Sehr geehrter Jens Berger,

wir zählen zu der von Ihnen beschriebenen Gruppe von Selbstständigen und Geringverdienern im Kulturbereich. Wir sind eine 3-köpfige Familie, unser Sohn besucht die 11. Klasse eines Gymnasiums, mein Lebenspartner und Vater ist freiberuflich bildender Künstler und zu 100% abhängig von Kunstverkäufen an wohlhabende Sammler*innen und ab und zu kärglichen Honoraren für Performances/Ausstellungen (Ausstellungshonorare werden bekanntermaßen kaum an Künstler*innen gezahlt, die Regel ist, dass diese “froh sein müssen, wenn sie ihre Kunst irgendwo ausstellen dürfen”…). Ich bin ebenfalls freiberuflich tätig und als geringfügig Beschäftigte arbeite ich knapp über dem Minijobniveau für meinen Lebenspartner (wodurch ich krankenversichert bin), und organisiere seine Ausstellungen, Reisen, schreibe Angebote an Sammler, wickle Verkäufe ab etc. Zudem schreibe ich als freie Journalistin über Kunst, habe eine Honorartätigkeit für eine Grundschule (Schülerzeitungs AG 1 x wöchentlich) und eine Honorartätigkeit für eine gemeinnützige Stiftung (5h/Woche).

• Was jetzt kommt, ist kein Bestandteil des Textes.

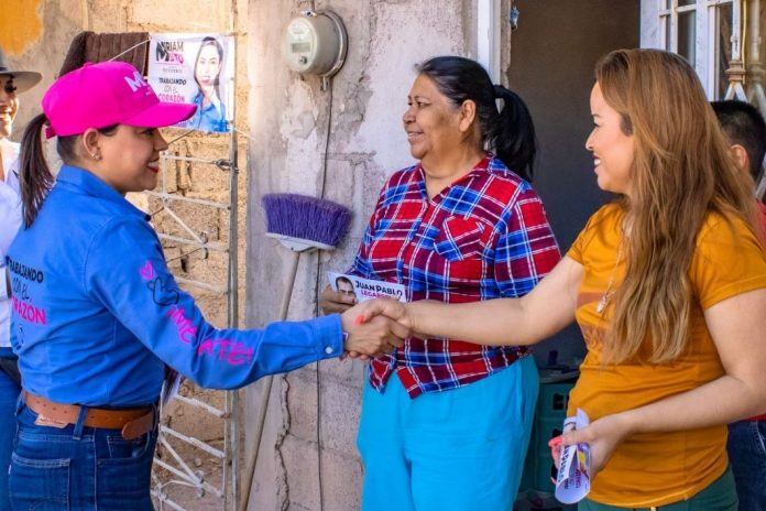 Miriam Soto, candidata a la Presidencia Municipal de Meoqui, visitó la comunidad de la Felipe Ángeles, del seccional de Guadalupe Victoria, donde tuvo la oportunidad de recordar las obras y acciones realizadas, mismas que fueron reconocidas por parte de los colonos.
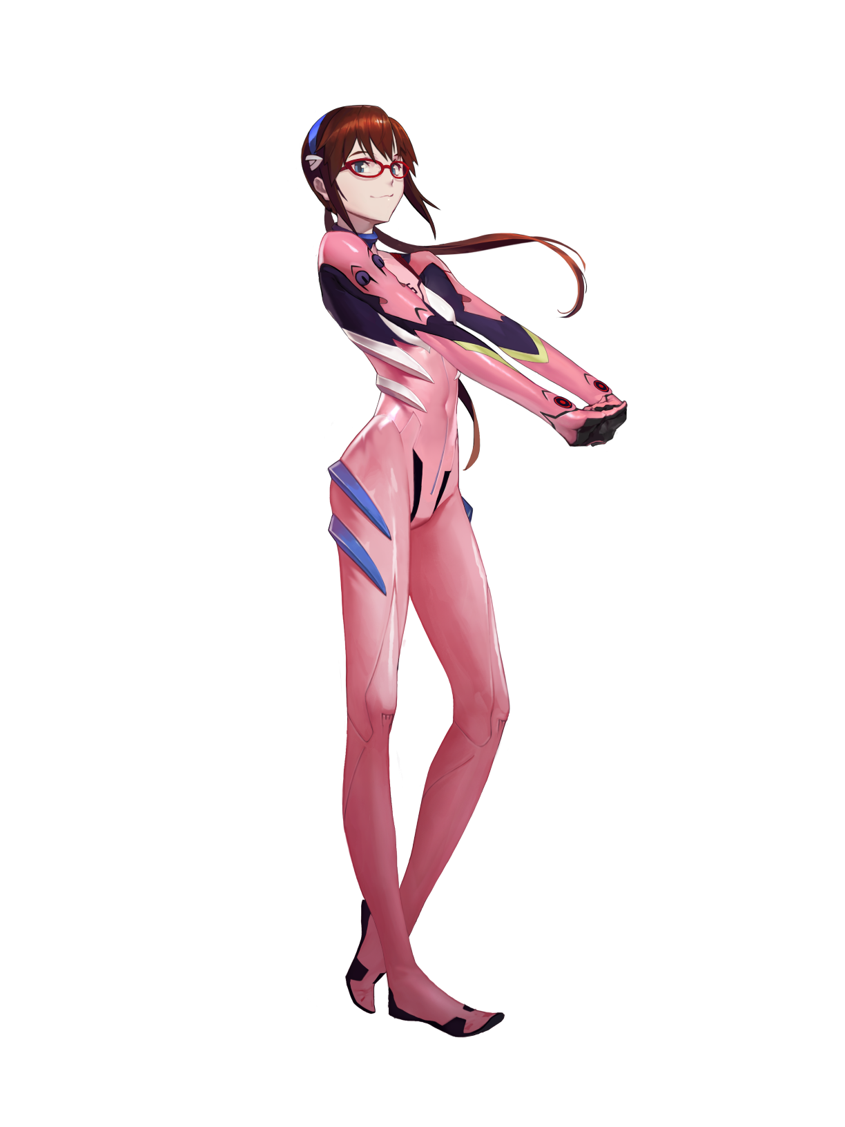 1girl adjusting_eyewear artist_request blue_collar blue_eyes blue_hairband brown_hair collar covered_navel evangelion:_2.0_you_can_(not)_advance final_gear full_body glasses hairband highres legs long_hair long_legs looking_at_viewer makinami_mari_illustrious mecha_pilot_suit narrow_waist neon_genesis_evangelion number_print numbered official_art outstretched_arms pilot_suit pink_background plugsuit_(evangelion) rebuild_of_evangelion red-framed_eyewear science_fiction simple_background skin_tight skinny smile solo stretching tachi-e third-party_source transparent_background two-tone_sleeves white_background
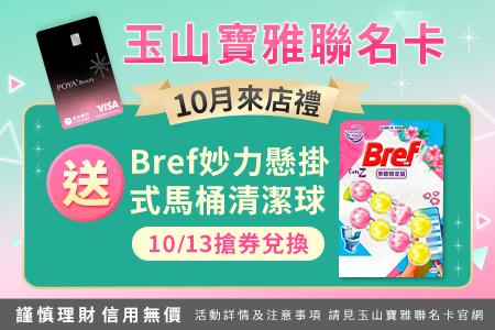 - 聯名卡限定_首刷禮:首次申辦玉山寶雅聯名卡正卡且核卡成功,於核卡後60天內於【門市】持寶雅聯名卡單筆消費滿$999享15%現金回饋(每月歸戶回饋上限$300);金卡會員加碼,贈寶雅即享券$300。

Wir erhalten Wohngeld und kommen gerade so über die Runden, wenn wir uns extrem einschränken (keine eigenes Auto stattdessen Fahrrad und ÖPNV, kein Familienurlaub, keine teuren Theater/Konzert/Kinobesuche, kein Essen in Restaurants sondern selber zuhause kochen, kaum neue Kleidung nur das Nötigste, um ein paar Beispiele zu nennen). Ersparnisse oder Reserven gibt es kaum. Durch den Stillstand durch die Coronakrise droht uns unmittelbar der Verlust unseres Wohnateliers und wir werden sehr schnell kein Geld mehr haben, um Lebensmittel zu kaufen. Spätestens, wenn der Dispokredit ausgeschöpft ist.

Mit freundlichen Grüßen

M. L. aus Berlin

2. Leserbrief

Liebes Team,

ich arbeite als Freelancer in der Medienbrance für das Fernsehen.

Die Auftragslage ist generell schwierig, öffentlich-rechtliche Sender haben Begrenzungen der Einsatztage im Monat bzw. Jahr um sich vor Klagen zu schützen. Private Unternehmen erweisen sich oft als unzuverlässig, geben schlimmsten Falls sogar Ausfälle weiter an die Freien durch Stornierung der Aufträge ohne entsprechende Ausfallgehälter.